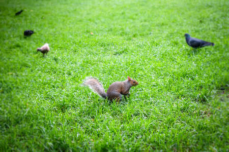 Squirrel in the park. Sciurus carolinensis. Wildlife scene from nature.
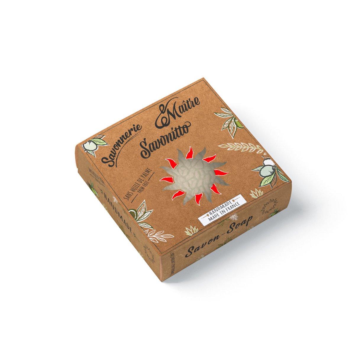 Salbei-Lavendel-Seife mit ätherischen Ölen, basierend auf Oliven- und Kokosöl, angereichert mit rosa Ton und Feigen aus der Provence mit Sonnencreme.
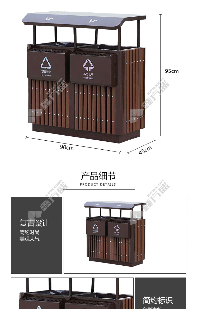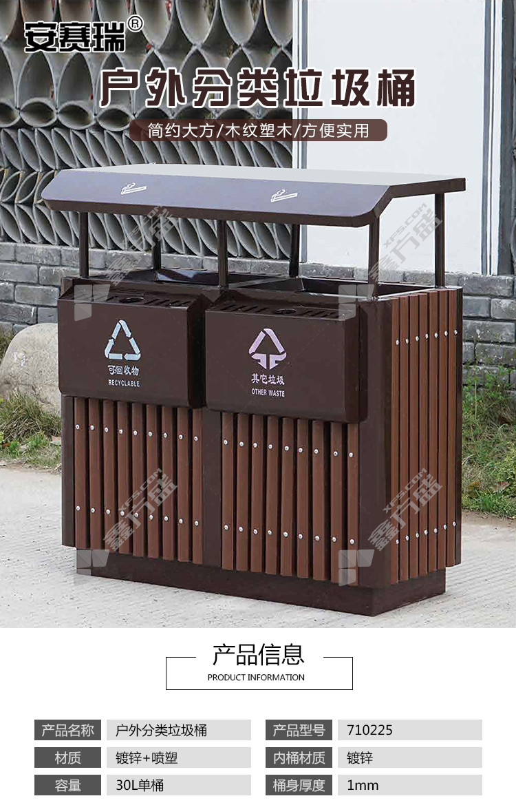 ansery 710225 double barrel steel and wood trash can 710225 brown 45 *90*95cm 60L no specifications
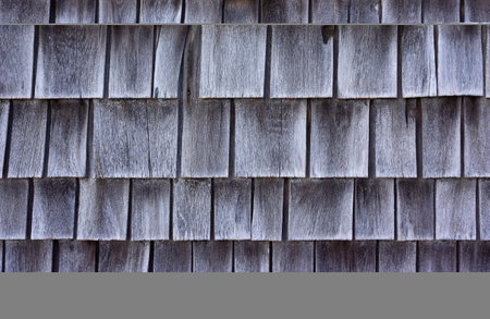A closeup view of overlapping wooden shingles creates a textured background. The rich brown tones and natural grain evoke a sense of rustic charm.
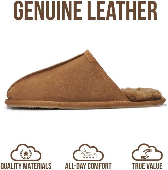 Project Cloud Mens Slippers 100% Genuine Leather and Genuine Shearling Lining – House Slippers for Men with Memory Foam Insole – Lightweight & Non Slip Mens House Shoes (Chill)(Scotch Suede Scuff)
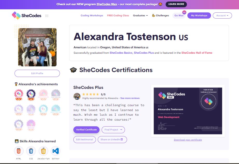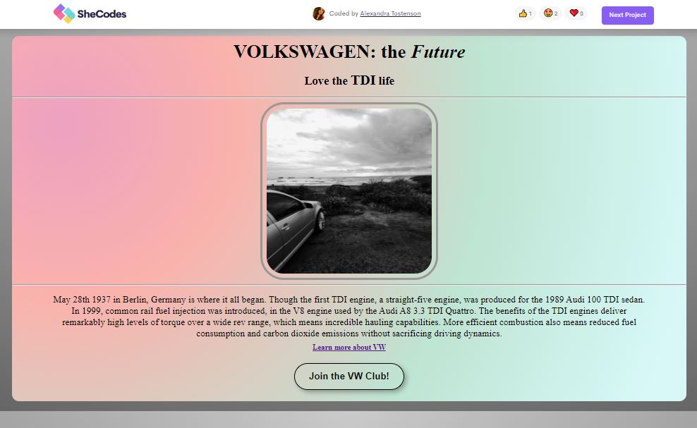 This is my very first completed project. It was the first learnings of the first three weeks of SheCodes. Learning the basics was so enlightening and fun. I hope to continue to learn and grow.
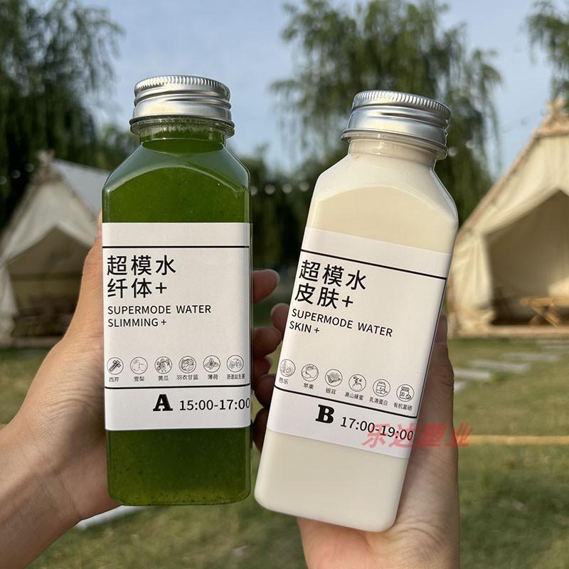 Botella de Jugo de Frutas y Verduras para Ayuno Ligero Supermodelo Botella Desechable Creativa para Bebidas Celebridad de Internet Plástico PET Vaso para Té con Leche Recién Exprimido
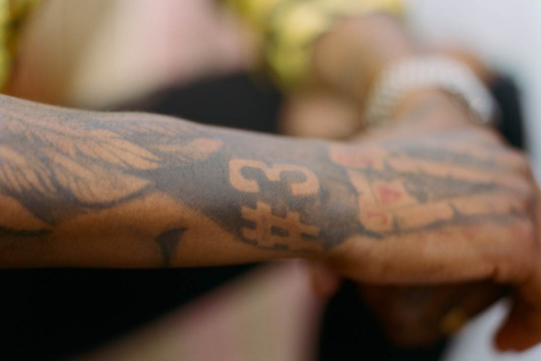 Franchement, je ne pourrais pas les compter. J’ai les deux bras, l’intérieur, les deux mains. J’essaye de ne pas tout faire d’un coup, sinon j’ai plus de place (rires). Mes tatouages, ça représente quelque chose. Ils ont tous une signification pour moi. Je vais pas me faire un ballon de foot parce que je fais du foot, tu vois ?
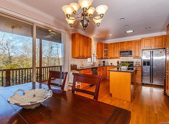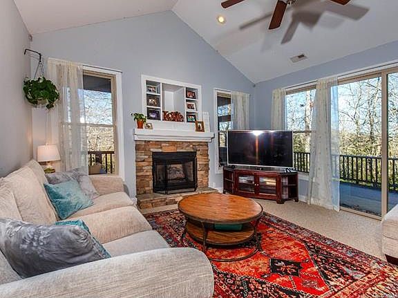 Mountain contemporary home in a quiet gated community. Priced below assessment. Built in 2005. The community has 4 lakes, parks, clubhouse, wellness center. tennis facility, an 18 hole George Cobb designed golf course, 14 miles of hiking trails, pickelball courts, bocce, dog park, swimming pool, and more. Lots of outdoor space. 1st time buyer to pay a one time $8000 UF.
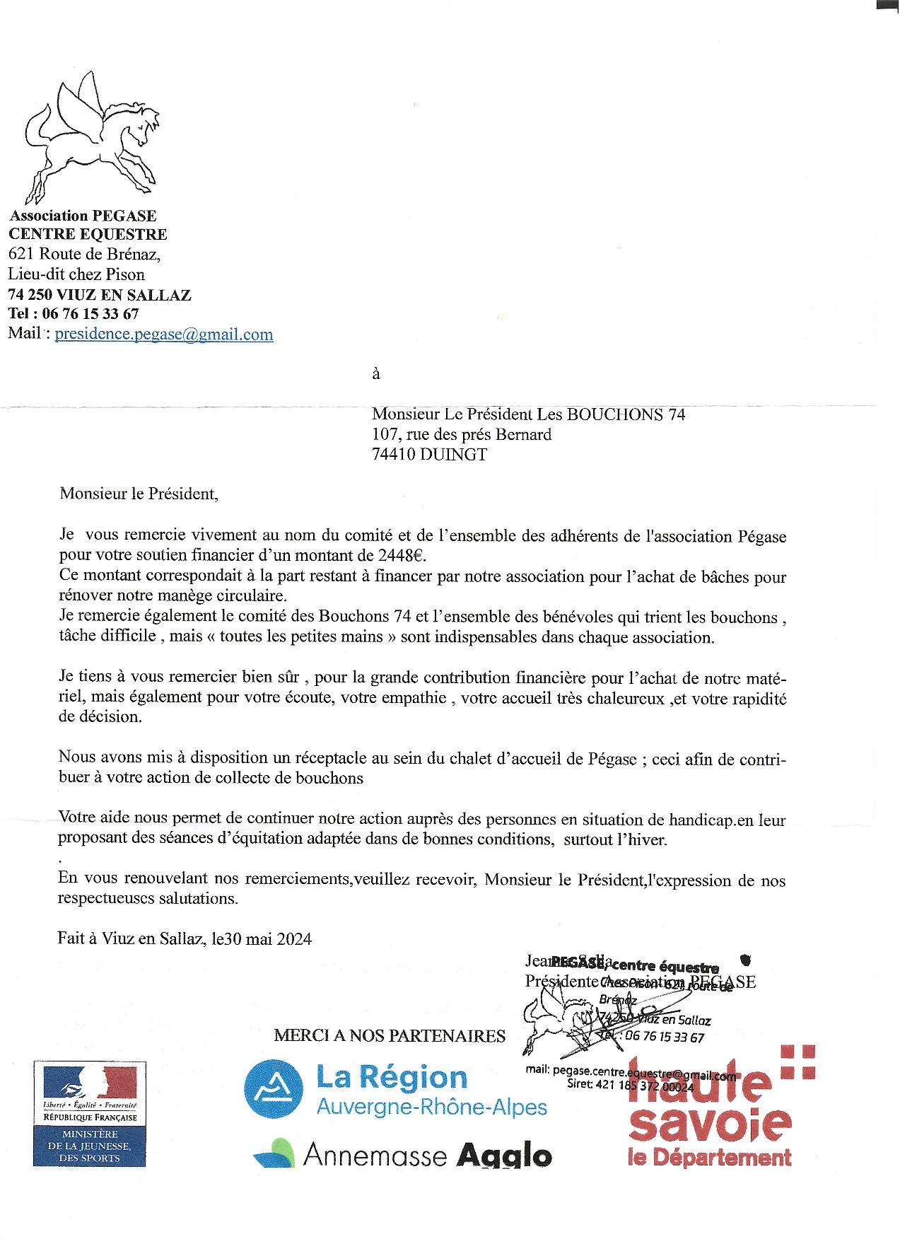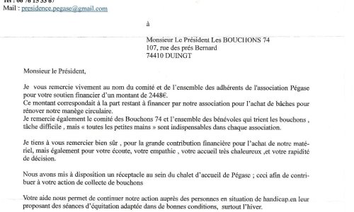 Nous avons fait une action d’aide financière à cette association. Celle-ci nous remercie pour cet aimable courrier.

================

**Task goal:** Leave the pictures out, and transcribe exactly the lines above starting at the one that contains "ansery 710225 double" and ending at the one that contains "A closeup view".

**Reply to the task:**
 ansery 710225 double barrel steel and wood trash can 710225 brown 45 *90*95cm 60L no specifications
A closeup view of overlapping wooden shingles creates a textured background. The rich brown tones and natural grain evoke a sense of rustic charm.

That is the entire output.